После этого молчание так затягивается, что вполне можно успеть пропутешествовать по жизни от рождения до смерти и назад.
— Это было в утро ее похорон.
9
Сыновья беспокоятся за свою мать. Они вслушиваются в дрожь земли, то есть сидят в кухне и внимают болтовне Насти, из которой следует, что их мать вознамерилась поселить у себя мужчину.
— Она об этом говорила?
— Я слышала серьезный спор.
— Насколько серьезный?
— Тихими голосами.
— О чем был спор?
— Они говорят слишком тихо, чтобы расслышать. Но однажды я вошла с подносом и услышала разговор про детей.
— Чьих детей?
Настя пожимает плечами.
— Может, у них общие дети…
— Вы хотите сказать, что у них план создать семью?
Настя прыскает.
— Думаю, для этого миссис Берил слишком стара.
По мнению сыновей, их мамаша на все способна. Но не считает ли Настя, что это был разговор об уже существующих у этой парочки детях?
— Я так и подумала, когда вошла с подносом.
Пен и Сэнди переглядываются. Пестрота жизни их матери для них не новость. Им уже приходила на ум мысль, что в избирательных округах у них могут быть братья и сестра, и они время от времени это обсуждали. Но они рассчитывали, что бессердечие надоумит мать не ставить это потомство у них на пути. Раз она забыла своих возлюбленных, то с нее станется забыть и своих детей. Поразительно, что она помнит хотя бы их, Пена и Сэнди; по их мнению, это можно объяснить тем, что ей не полностью безразличны их отцы, или тем, что по крайней мере один из их отцов проявил о ней неожиданную заботу; впрочем, их отцов она тоже помнила не всегда.

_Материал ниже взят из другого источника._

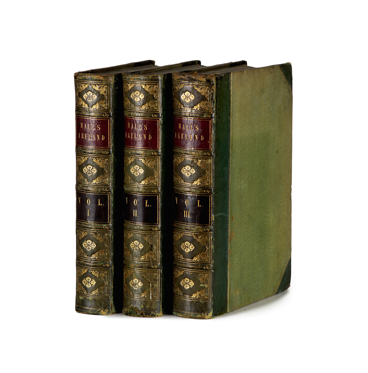Ireland: Its Scenery, Character, &c. A new edition. 3 Bände. Mit 18 kolorierten Karten, je zusätzlichen, illustrierten Titeln und rund 100 Tafeln im Stahlstich, sowie rund 500, teils ganzseitigen und oft großen Textholzschnitten. London, Hall und Virtue. 1 Bl. (gedr. Tit.), XII, 436 S. 2 Bl. (flieg. Vors., gedr. Tit.), VIII, 468 S. 2 Bl. (flieg. Vors., gedr. Tit.), VIII, 512 S. 4°. Hldr. d. Zt. über 5 Bünden mit reicher Goldprägung bestehend aus Deckelfileten und floraler Ornamentik sowie Titel auf Rücken, Vorsätzen aus Steinmarmorpapier und umseitig marmoriertem Schnitt (an den Kapitale stärker bestoßen, an den Ecken und Kanten beschabt und berieben.)

Пен манит Сэнди в сторону.
— Вдруг объявился папаша Тахана?
Сэнди пожимает плечами. Здесь широчайшее поле для догадок.
Тахан — их загадочный брат, о котором они знают, но склонны считать его подкидышем ввиду слишком позднего появления и потому маловероятного рождения естественным способом. Оба поднимались по университетским ступенькам со скоростью улитки, диктуемой политическими амбициями: один в качестве председателя Ассоциации консерваторов Оксфордского университета, другой в качестве президента Клуба лейбористов Кембриджского университета. Хотя старший несколько обходил младшего, младший неуклонно наступал старшему на пятки. Оба так или иначе задержались в студенческой политике дольше, чем требовалось для поступательного карьерного роста. Из-за неотложных дел они подолгу не виделись с матерью, но, изредка синхронизируя свои календари и вырываясь к ней вдвоем, заставали в бывшей своей комнате Тахана, игравшего в их старые игрушки. «Не смейте спрашивать», — предостерегала их Принцесса.

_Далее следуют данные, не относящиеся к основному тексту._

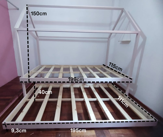 Cama Casa Montessori Gemelar Partner con Cama Auxiliar | Plaza, Plaza y Media y Dos Plazas
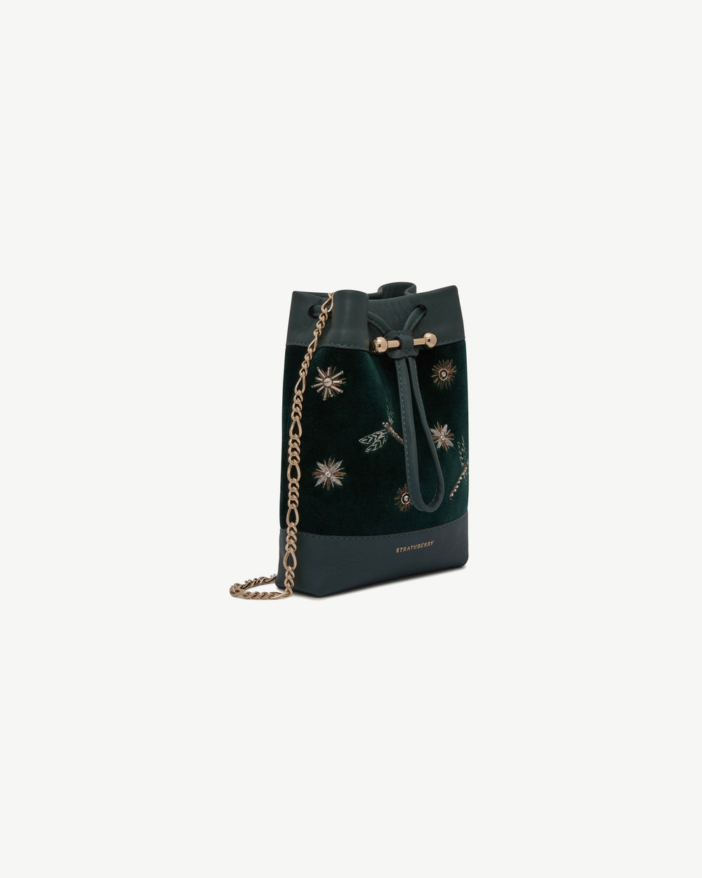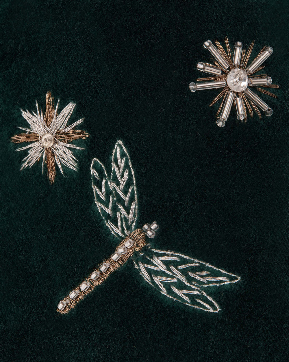 Compact style, crafted for ease. The Osette Midi Pouch's soft structure is re-imagined in a velvet fabrication. Drawn from the untamed beauty of the American Prairie, the hand-embroidered design resembles the grace of a dragonfly dancing around the fields. Our skilled artisans spend up to 5 hours hand-stitching the intricate metallic threads and glass stones adding a 3D depth to show the movement of the dragonflies.

Но они считали себя вправе знать, не приходится ли он им братом.
— Похоже на то, — отвечала Принцесса.
— А кто отец?
— Сказано вам, не спрашивайте.
От присутствия Тахана их отношения с матерью заметно не менялись. Разве что Сэнди как-то раз обмолвился о том, что не возражал бы против более счастливого детства, да еще Пен пожалел, что его отправили в интернат, а не в обычную школу, однако ни тот ни другой не смогли вразумительно возразить на ее довод о предоставленных им преимуществах, которыми они пользовались до сих пор, — как следствии недостатка любви дома и элитарного образования.
— Сколько этому человеку лет? — спрашивает Сэнди, снова поворачиваясь к Насте.
— Он старый-престарый.
— Что вы о нем знаете?
— Эйфория говорит, что он картежник. Хотите, скажу вам как есть? Он русский агент! Он даже в шахматы выигрывает.
Против русского агента они ничего не имеют. От русского агента даже может быть польза. Хотя это, с их точки зрения, маловероятно. Их больше тревожат карты. Картежники губят сначала собственное состояние, а потом любое другое, до которого дотягиваются. Если его угораздит напомнить их матери о былом и попросить в память о былом пару сотен тысяч фунтов, то где гарантия, что она ему откажет?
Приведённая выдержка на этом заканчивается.